PHYSICAL DESCRIPTION:
Description for characters is overrated. Just a little is plenty, in most cases. To see if you’re in the ballpark describing your players, try this:
Write a description. Keep it to 100 words or less. (Look at what you did with the 140-character limit for the logline!) Imagine the impression someone would have when first encountering your character. If asked later, how would you character be described? Gangly school-age scarecrow with a flair for fashion? Frumpy, middle-aged matron racing toward senility? Svelte sophisticate whose looks are destroyed by her impenetrable Brooklyn accent?
A short, sharp shock of character description. Remember: writers are best describing things that deviate from the norm and violate our expectations. Find the things that make the character visually unique, interesting, odd, curious — different. Stick with those.
THE TEST DRIVE:
The character’s voice and behavior may still be foreign to you at this point — conjuring details and entanglements won’t let you crawl into their skin and drive them like a go-kart. But, like a go-cart, you can take ‘em for a test drive. Best of all, you don’t even have to climb into one of those nasty little miniature race cars!

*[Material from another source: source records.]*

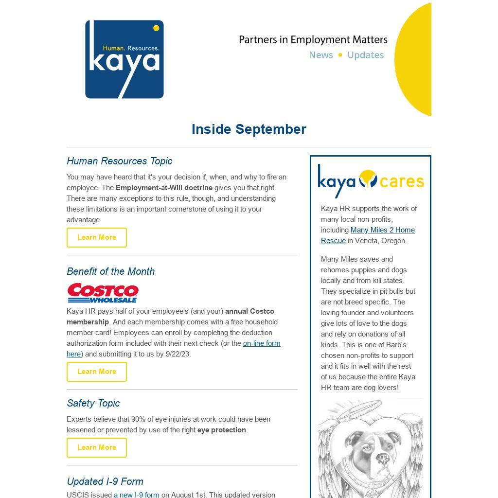 Kaya HR pays half of your employee's (and your) annual Costco membership. And each membership comes with a free household member card! Employees can enroll by completing the deduction authorization form included with their next check (or the on-line form here) and submitting it to us by 9/22/23.
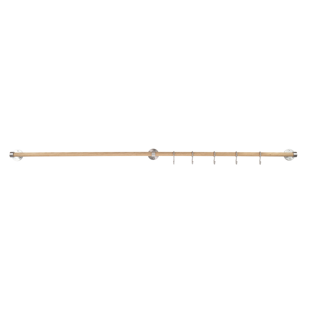 Extension Rod Aveny in untreated oak for Kitchen Railing Aveny. Includes holders in brushed stainless steel, 3 hooks, and screws.
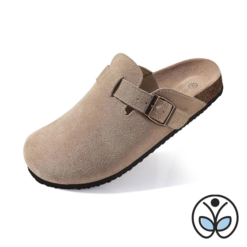 Women’s Genuine Suede Clogs – Cork Footbed Sandals with Arch Support, Leather Mules
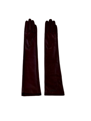 Fine leather opera gloves in "Choco" brown. Fully lined, elbow length. Debossed micro logo2 at each gloves hem. Size measurements reference the circumference of your palm: Small 7 in., Medium 7.5 in.
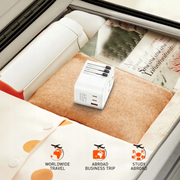 Універсальний адаптер для подорожей LDDO Z6 з двома USB-C (PD) та One USB-A (QC 3.0) пропонує швидку зарядку до 65 Вт. Смартфони та пристрої , що робить його незамінним аксесуаром для вимогливих користувачів.

Write a flash fiction piece with your new player in the starring role. Drive him around. Ding him up. Challenge him! Force him to talk to other characters: an obstinate cab driver, a belligerent cop, almost any teenager. Give him a new problem or one related to the character explicitly.
Let ‘em speak. Let ‘em act. See what they do when you get behind the wheel. Inhabit the character.
The bonus is that you may come away with new material you want to use in a longer work.
NOW, GO REWRITE THE LOGLINE:
When you’ve done all these things, there’s a high probability your character has changed in some profound way. So, go back and rewrite the original logline. Sharpen it ‘til it sparkles like the blade on a carving knife.
And when it’s all said and done, you should have a vastly better grip on your character. You know what makes him tick and why.